Ah, thanks. That's too bad we can't limit out of the gate. Show quoted text
> Oh, that's a fail. Switched to Elastic::Search as per the example on > the meta cpan site, I think this is correct now.
Great. Show quoted text
>> > Note that this also opens up rt.cpan.org to XSS vulnerabilities >> > because $uri is unescaped.
> I've added validation into the SetDistributionBugtracker sub in order to > check that both are correct using Email::Address (this seems to be used > else where for similar) and URI. Is that good enough or do you have > something more specific in mind?

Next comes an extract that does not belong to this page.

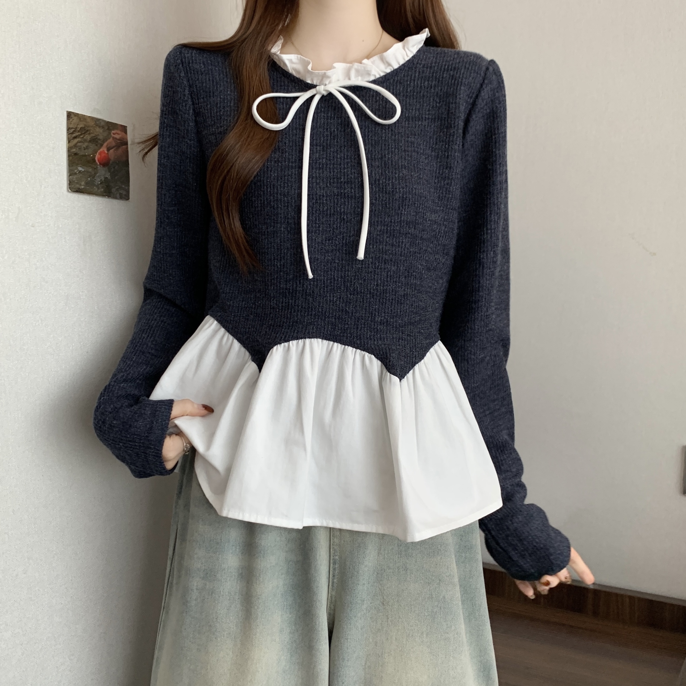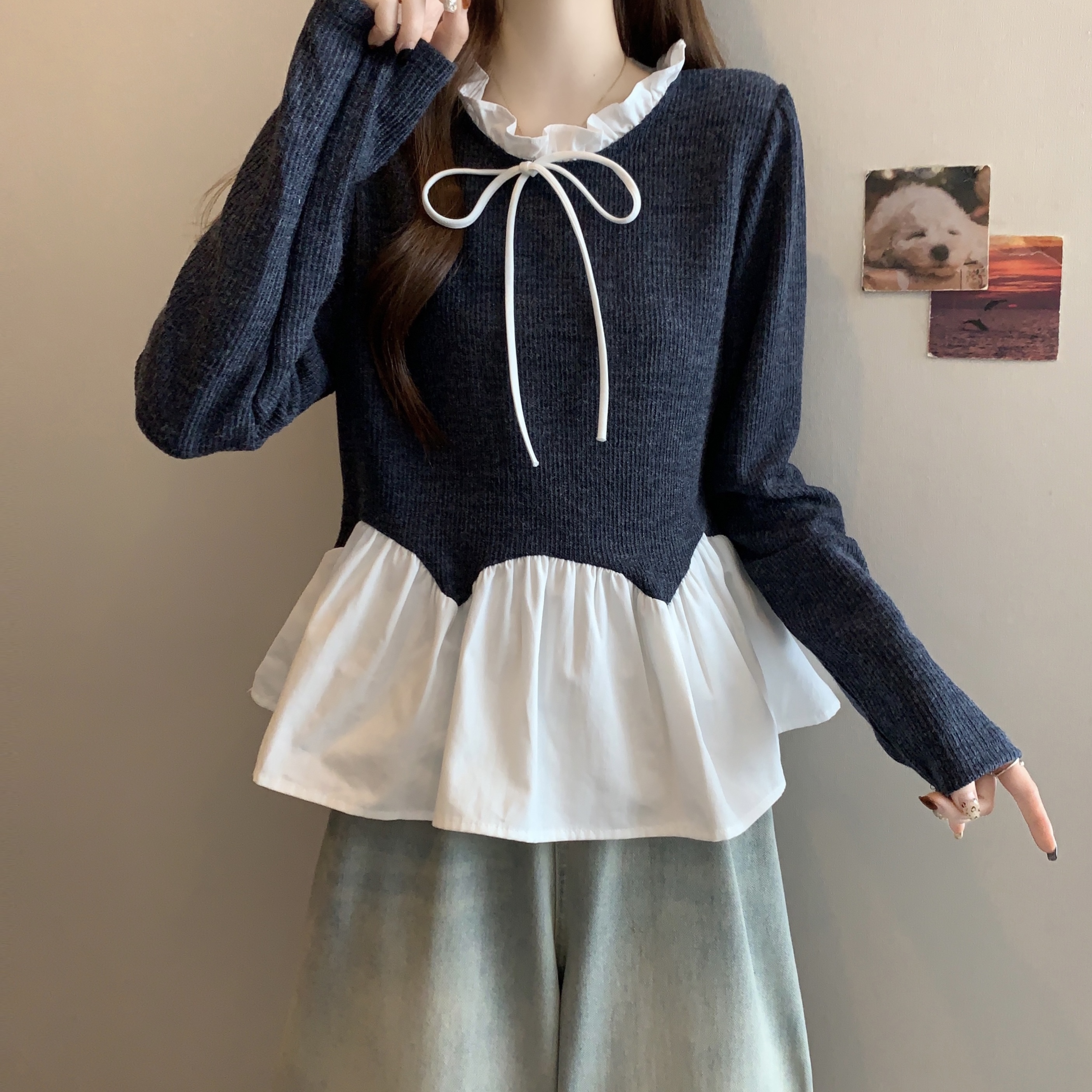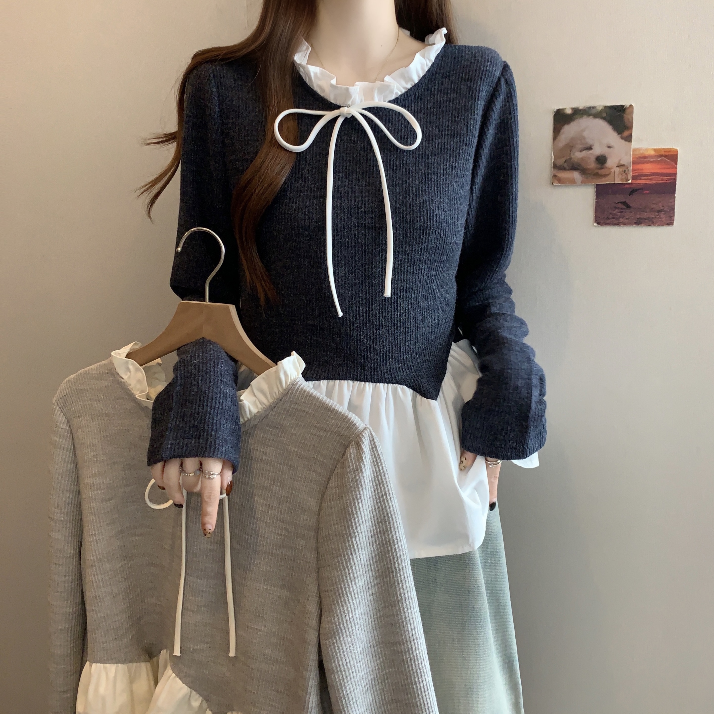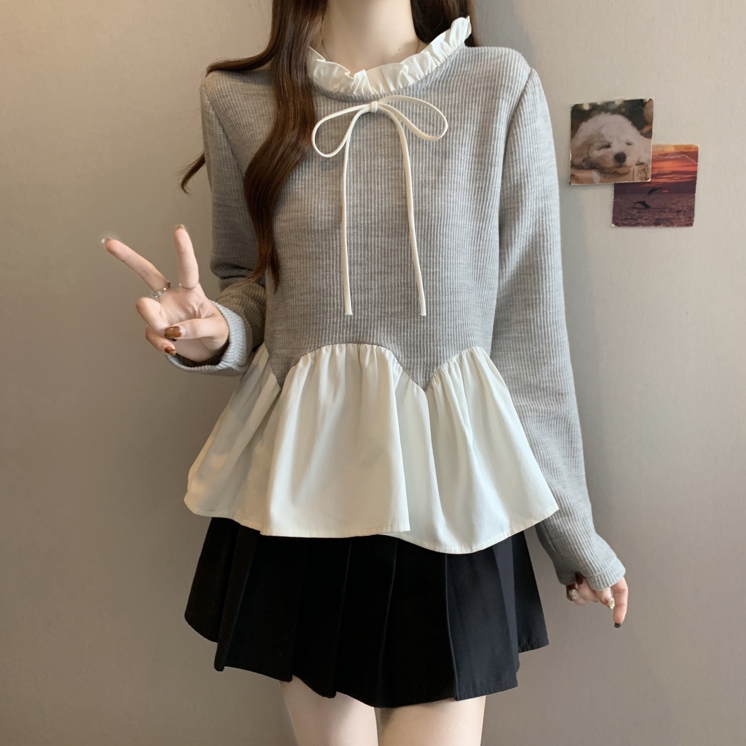 MY14016# 大码新款立领甜美蝴蝶结拼接长袖T恤打底衫女裝貨源服裝批發

++ for the Email::Address and URI validation, but there's another underlying rendering issue: at display time you're including the "|n" flag when interpolating the web/mailto URLs. This tells Mason to not apply it's default HTML escaping, which would allow third-party HTML injection into rt.cpan.org. Removing the |n is sufficient for that. However, beyond just checking if .web parses with URI, we also need to check that it's only a http or https URI. Otherwise you can use other schemes with security problems for a website (data:, javascript:). Otherwise, this round of patches looks good! Thanks a lot for iterating on this. If you have the time, can you fix the security issues above? If not, I'll wait to apply the patches until I have time to fix them as well. Cheers, Thomas
Ian, Sorry for the long delay. I've applied your patches to CPAN2RT, RT-BugTracker, and RT-BugTracker-Public, with some minor tweaks here and there. Each repo has an alternate-bugtracker branch. The branches are on top of the rt4 branches in those extensions, which I'm using as I prepare to upgrade rt.cpan.org to RT 4 from 3.8. Eventually it'll all be merged down. In testing it out, I've noted that all of the alternate bugtracker data is loaded into memory from MetaCPAN. This makes the cpan2rt importer take upwards of 500MB of memory from the MetaCPAN data alone (skipping all other steps). In the current and soon-to-be production environments, that's a no go to be running every two hours. Hopefully down the road chewing through 500MB of RAM won't matter, but right now it does. :) I plan to rework it to be incremental and hence never load the entire dataset into memory, but I'm going to focus on the RT 4 upgrade first and then roll out the alternate bugtracker data after. This is just a status update for you. If you have the cycles to make it incremental, that'd be awesome and it would get rolled out that much sooner. Cheers, Thomas
Resolving. These branches are merged into the rt4 branch, which will be deployed on rt.cpan.org during the RT upgrade. The RT upgrade is currently in beta testing. Thanks for your work, Ian!